Usually, errors are produced while changing a spreadsheet. We distinguish two different kinds of spreadsheet changes, namely instance evolution and model evolution. Both kinds of changes are part of spreadsheet evolution. Instance evolution describes changes that concern a spreadsheet's data but not its representation and interrelations. For instance, inserting a new category in the budget spreadsheet mentioned above is part of instance evolution. In turn, model evolution describes changes that concern the relation between data (e.g. formulas) or the insertion and deletion of data types. For instance, the insertion of a new column that holds a new type of data (e.g. an exchange rate for given costs) is a change at the underlying business model. Those changes must be applied to all inserted data, e.g. the exchange rate must be inserted for all categories and years. See Fig. 3 for the distinction of instance evolution and model evolution. For reasons of understandability, we chose UML class diagrams [7] to represent the business model. Of course every other representation is applicable, e.g. the Entity Relationship Model [8]. Both instance and model evolutions are sources of errors. The most frequent error in instance evolution is a missed or wrong update of a formula, such as the missed update of the total formulas in Fig. 3. While Microsoft Excel supports updating formulas that range over connected regions (e.g. A17:A42) it lacks support for automatically updating formulas that range over unconnected regions, e.g. every second cell in a column (A1;A3;A5). Thus, insertion of data in complex large spreadsheets that contain many formulas over regions that are not connected is very prone to errors. The problem of model evolution is that a change at the implicit business model cause necessary changes on each inserted data record. For instance, adding the mentioned exchange rate to the budget sheet (cf. Fig. 3 on the left) requires the insertion of multiple columns and the change of multiple formulas as shown in Fig. 4. For complex large spreadsheets, this task is not only burdensome but also very error-prone.

To solve the problem of instance evolution, an approach proposed by Engels and Erwig [9] introduces ClassSheets using proved and well-tried techniques from modern Software Engineering like object-orientation and model-driven development to yield Business/IT alignment. ClassSheets are explicit specifications of business models which can be translated to spreadsheets automatically. These explicit specifications support a better understanding of the underlying business model, yield less erroneous spreadsheets due to the distinction of business model and implementation, and insure the correctness of spreadsheets regarding their business model (i.e. ClassSheet) with fully automated tool support. But why are object-orientation and model-driven development a good choice for bridging the gap between business and IT?

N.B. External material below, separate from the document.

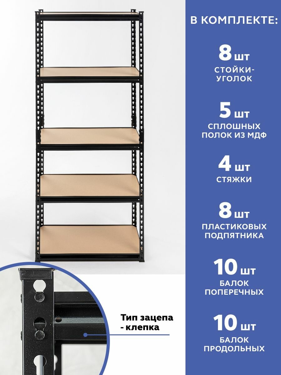 Стеллаж металлический безболтовой GASTRORAG GR-003-2, 5 полок МДФ, размеры 180х90х40 см, этажерка для кухни, мебель лофт, система хранения для дома, дачи и гаража

Object-orientation, on the one hand, improves the design and development of software by providing a presentation of the domain that imitates the real world in terms of interacting objects and their properties. Programming languages evolved from assembler to high-level languages supporting object orientation and thereby enabled efficient development of complex applications with high quality. Today's requirements put into spreadsheets require a similar evolution in the spreadsheet paradigm. On the other hand, model-driven development evolved into an established development paradigm bridging the gap between business and IT by using models. Abstraction provides an easy understanding leading to less redundant models that are focused on the problem space. Working with a clear comprehensible concept of the business domain speeds up the design and development of software, which is further supported by using partial automation, e.g. generation of software artifacts.

A major benefit of using ClassSheets is that they can be handled by machines and therefore provide spreadsheet applications (e.g. Microsoft Excel) with more information about the spreadsheet in use. Thus, the creation and use of spreadsheets is less prone to errors since the spreadsheet application constrains possible spreadsheet updates according to the underlying ClassSheet. Fig. 5 illustrates the current approach of developing spreadsheets on the left and the ClassSheets approach on the right side, where the generated spreadsheet is typed over the corresponding ClassSheet. In contrast to the current approach, the user does not develop low-levelspreadsheets, but creates a ClassSheet (i.e. business model) that reflects allnecessary business entities. This information is provided to the spreadsheetapplication to generate spreadsheets and avoid the mentioned errors, such asmissed formula updates.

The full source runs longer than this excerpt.